Among the formalities, it is hard to understand what’s going on. The general entered the first time in an untucked blue shirt. Surely he was hiding the penitentiary belt that they cuff his hands to during transportation. When he sat, a federal marshal had to get close and order him, through an interpreter, to put his hands on the table. That’s the law in the United States.
The whole show was humiliating. It surely is for Santoyo, a man with medals on his lapel and is the highest ranking official of the National Police, who had to sit on the bench of a U.S. justice, be touched by sheriffs who had barely reached puberty and be forced to defend himself in a language that he barely knows.
Somehow you also feel humiliated. Regardless of whether Santoyo is innocent or guilty, to delegate justice to another country in such a rampant manner bothers the nationalist vein.
If he’s innocent, as you have to presume, it’s painful that the president of one country, an ex-president, and their colleagues pressed a general to surrender and respond to charges made in another country. The charges were made from the testimonies of a selection of criminals that look to tarnish more people to get benefits.

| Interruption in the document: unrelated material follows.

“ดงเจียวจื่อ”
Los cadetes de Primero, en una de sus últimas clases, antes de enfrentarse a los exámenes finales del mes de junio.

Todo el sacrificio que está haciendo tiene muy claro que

If he’s guilty, his crime would have been to “conspire to import five or more kilos of cocaine.” Although this “conspiracy” involved giving orders about who to kill in exchange for money, they are going to sentence him in another country for being a smuggler of illicit powder, not for being a murderer, not for being a traitor.

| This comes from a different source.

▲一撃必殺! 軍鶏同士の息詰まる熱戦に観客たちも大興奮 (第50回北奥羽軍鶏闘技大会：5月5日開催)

I understand that the indignation for extradition is a feeling that has been processed in the Colombian couch, with its drug traffickers, bombers and constitutional crooks, for years. And maybe it is anachronistic to try to wake it up just for having been sitting there while they dictated sentences to the general under the seal of the bold eagle.

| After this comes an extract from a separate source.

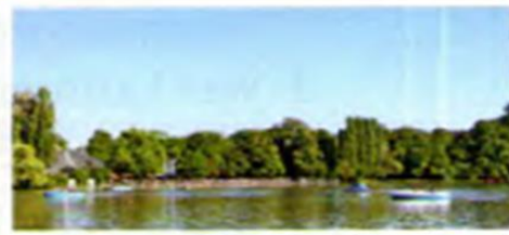
○ Kleinhesseloher See

Der Englische Garten in München ist mehr als 200 Jahre alt und er ist seit 1792 für alle Menschen geöffnet. Wir finden das heute ganz normal, aber im 18. Jahrhundert war es noch etwas Besonderes. So viel ‚Volksnähe‘ war in den meisten Ländern Europas nämlich noch nicht üblich.

There’s a pragmatic logic to being the country that extradites the second largest amount of people to the United States in the world. We still have so many criminals that there are no jails left, no judges that stand it and no Congress to build a system that can handle it. Before, one would say in a fit of reality that it’s fortunate that the Americans accept without distinction our drug traffickers, paramilitaries, guerrilla fighter and cops as long as they’ve imported cocaine.
So then Montealegre, the Attorney General, will come to give thanks to Attorney General Holder and ask him to not give them such low sentences. Now, this is not even to hide appearances, which at this point are so faded that no one cares, but again, it is in a fit of pragmatism: The ones we are sending to the United States are returning too quickly. Yes, that’s the reality of our justice. It is sad and worth remembering.